ASSIGNED TASK — What you return must match the listing below line for line, minus its pictures.

DATASET EXCERPT —
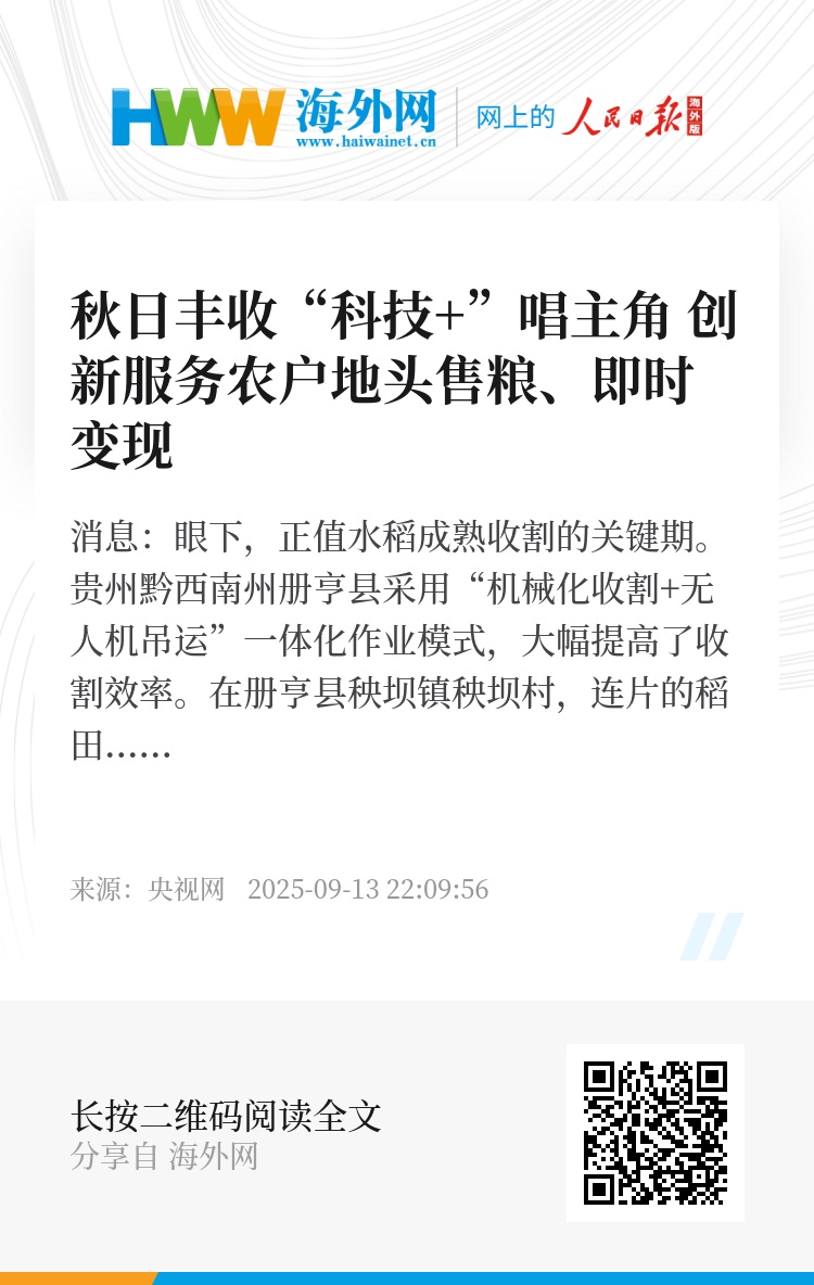 央视网消息:眼下,正值水稻成熟收割的关键期。贵州黔西南州册亨县采用“机械化收割+无人机吊运”一体化作业模式,大幅提高了收割效率。
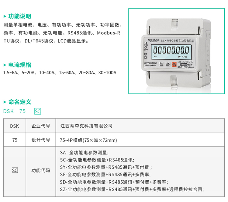 • 规格:单相导轨式电能表 485通讯
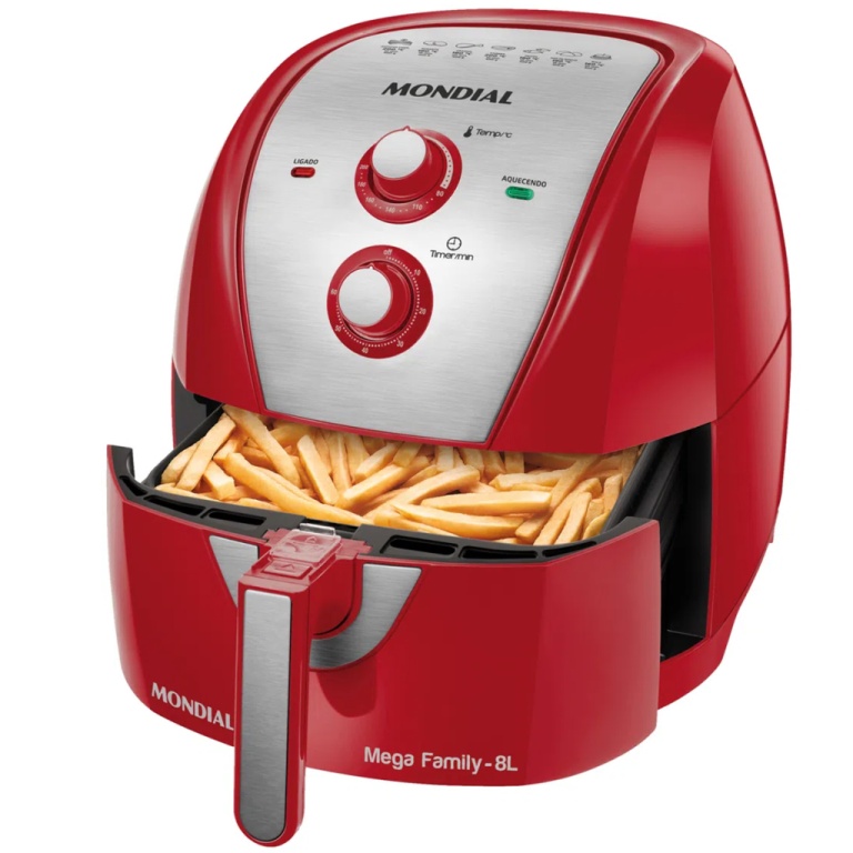 | Características Cesta antiaderente e fácil de limpar - Aviso sonoro e desligamento automático - Controle de temperatura e temporizador |

RESULT OF THIS EXERCISE —
 央视网消息:眼下,正值水稻成熟收割的关键期。贵州黔西南州册亨县采用“机械化收割+无人机吊运”一体化作业模式,大幅提高了收割效率。
 • 规格:单相导轨式电能表 485通讯
 | Características Cesta antiaderente e fácil de limpar - Aviso sonoro e desligamento automático - Controle de temperatura e temporizador |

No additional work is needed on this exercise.